Editorial | Kiosco Informativo | 21 de abril de 2025
Hoy el mundo despide a Jorge Mario Bergoglio, el primer Papa latinoamericano, pero para México —y para quienes creemos que la fe también puede ser una forma de resistencia—, se va Francisco: el Papa que nos miró de frente, que habló claro, que no se acomodó.
Desde Roma, donde murió este lunes 21 de abril a los 88 años, Francisco jamás se alejó del sur del mundo. Con palabras simples y gestos potentes, tendió puentes hacia los pobres, los olvidados y los perseguidos, incluso en medio de una Iglesia que a veces parece más cómoda con el poder que con la cruz. Para América Latina fue un pastor con acento y memoria; para México, fue un espejo.
En 2016, cuando pisó nuestro país, no vino a reunirse con los poderosos en salones dorados, sino a celebrar misa en Ecatepec, a abrazar a los pueblos indígenas en Chiapas, a consolar a madres dolidas en Ciudad Juárez y a pronunciar el nombre de los 43 de Ayotzinapa. No vino a aplaudir al gobierno ni a la jerarquía eclesiástica. Vino a sacudir conciencias.
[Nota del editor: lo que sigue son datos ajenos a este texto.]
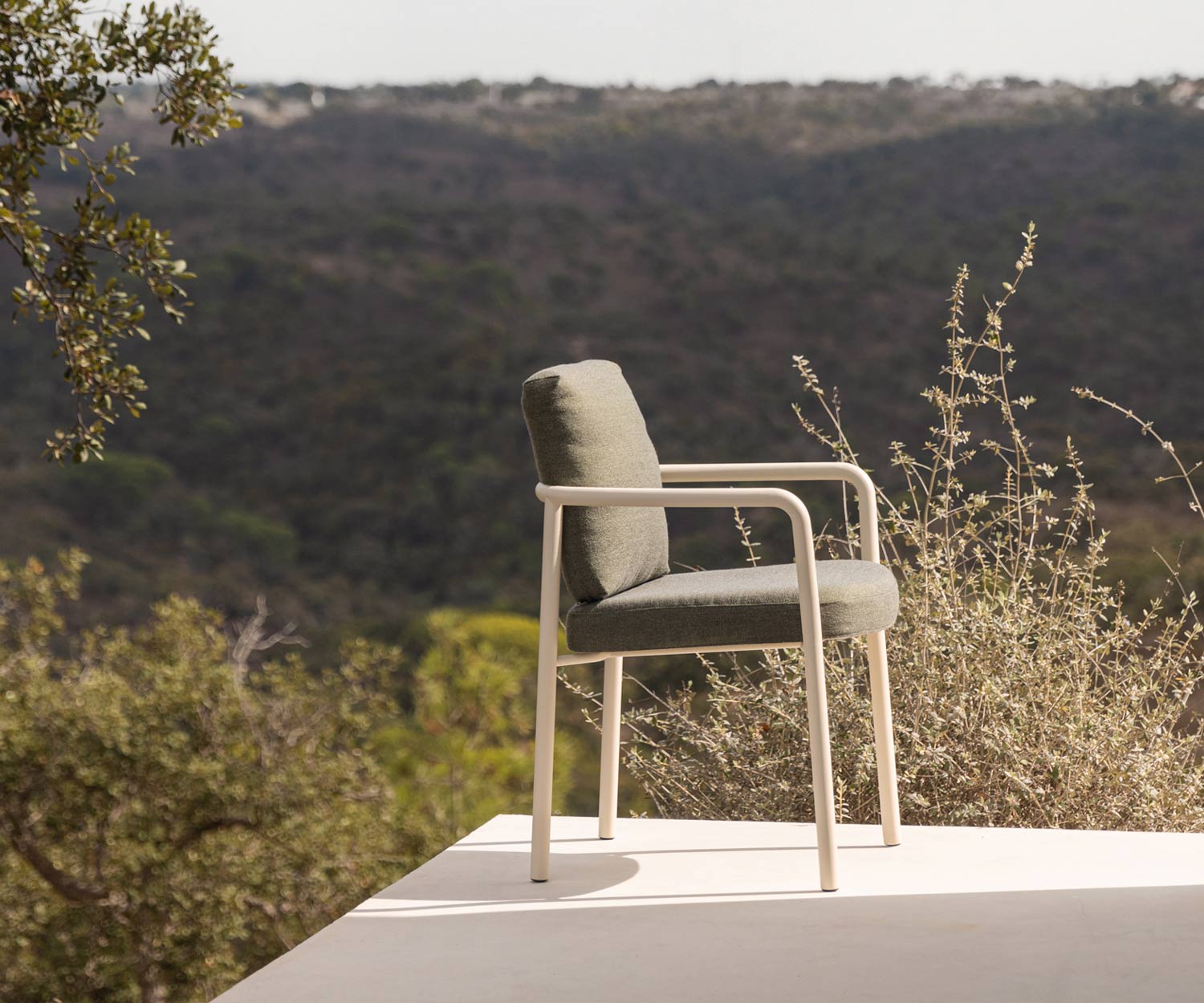 La chaise à accoudoirs Kori est livrée complète avec les coussins d'assise et de dossier, ce qui signifie que le rembourrage est inclus dans le prix. Si le rembourrage est important pour vous, veuillez le prendre à l'intérieur en cas d'intempéries extrêmes (par exemple en hiver).

Aquí, en Los Altos de Jalisco, donde la fe se respira en las calles, lo entendimos: Francisco era diferente. Su voz nos dolía, pero también nos despertaba. “El diablo le tiene bronca a México”, dijo alguna vez, con esa mezcla de ternura y severidad que solo tienen los abuelos sabios. Lo decía por nuestra profunda devoción guadalupana, sí, pero también por la violencia brutal que desangra al país y por los pactos de silencio que lo permiten.
Durante su pontificado, Francisco eligió obispos cercanos al pueblo, no príncipes de púlpito. Pidió pastores con olor a oveja, no burócratas del altar. En México, apoyó la creación de espacios dentro de la Iglesia para las madres buscadoras, esas mujeres que buscan a sus hijos desaparecidos y que a menudo enfrentan no solo la indiferencia del Estado, sino también la omisión de sus comunidades. Las recibió, las escuchó, las llamó por su nombre.

Nunca se calló. Nunca jugó a quedar bien con todos. Por eso incomodó a más de uno: presidentes, empresarios, jerarcas eclesiásticos. Su Evangelio no era de salón: era de calle, de hospital, de cárcel. Hablaba de migración, de los desplazados, de justicia, de medio ambiente, de pobreza estructural, de Palestina, de las comunidades LGBT, de los divorcios, tendió puentes con otras religiones.
Hablaba del Reino, pero con los pies en la tierra.
Hoy, mientras los titulares en el mundo resumen su legado con fórmulas de oficina, aquí en el campo alteño lo recordamos como el Papa que abrazó a nuestros muertos y lloró con nuestras madres. Como el que nos recordó que la fe sin justicia es puro ritual. Como el Papa que nos devolvió una Iglesia menos lejana, más humana.
Que descanse en paz, Papa Francisco. Y que tu voz siga retumbando en estos campos donde la verdad todavía se busca entre la tierra removida.